### Task
Locate the line bearing "メンズ スニーカー 25.0cm" in the material below, then reproduce it and each following line up to and including the line bearing "UPOZORNENIE! V záujme".

### Records for processing

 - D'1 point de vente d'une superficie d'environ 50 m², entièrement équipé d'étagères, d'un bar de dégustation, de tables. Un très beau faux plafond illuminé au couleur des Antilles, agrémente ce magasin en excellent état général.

...

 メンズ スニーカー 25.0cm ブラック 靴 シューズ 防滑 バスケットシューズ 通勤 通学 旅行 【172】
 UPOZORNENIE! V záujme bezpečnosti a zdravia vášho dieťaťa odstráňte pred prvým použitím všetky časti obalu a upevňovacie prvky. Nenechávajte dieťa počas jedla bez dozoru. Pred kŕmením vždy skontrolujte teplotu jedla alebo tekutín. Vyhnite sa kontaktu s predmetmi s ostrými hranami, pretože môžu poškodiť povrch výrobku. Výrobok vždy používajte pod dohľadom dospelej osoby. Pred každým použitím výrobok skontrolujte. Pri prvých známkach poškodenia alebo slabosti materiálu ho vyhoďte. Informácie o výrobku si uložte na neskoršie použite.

### Written answer
 メンズ スニーカー 25.0cm ブラック 靴 シューズ 防滑 バスケットシューズ 通勤 通学 旅行 【172】
 UPOZORNENIE! V záujme bezpečnosti a zdravia vášho dieťaťa odstráňte pred prvým použitím všetky časti obalu a upevňovacie prvky. Nenechávajte dieťa počas jedla bez dozoru. Pred kŕmením vždy skontrolujte teplotu jedla alebo tekutín. Vyhnite sa kontaktu s predmetmi s ostrými hranami, pretože môžu poškodiť povrch výrobku. Výrobok vždy používajte pod dohľadom dospelej osoby. Pred každým použitím výrobok skontrolujte. Pri prvých známkach poškodenia alebo slabosti materiálu ho vyhoďte. Informácie o výrobku si uložte na neskoršie použite.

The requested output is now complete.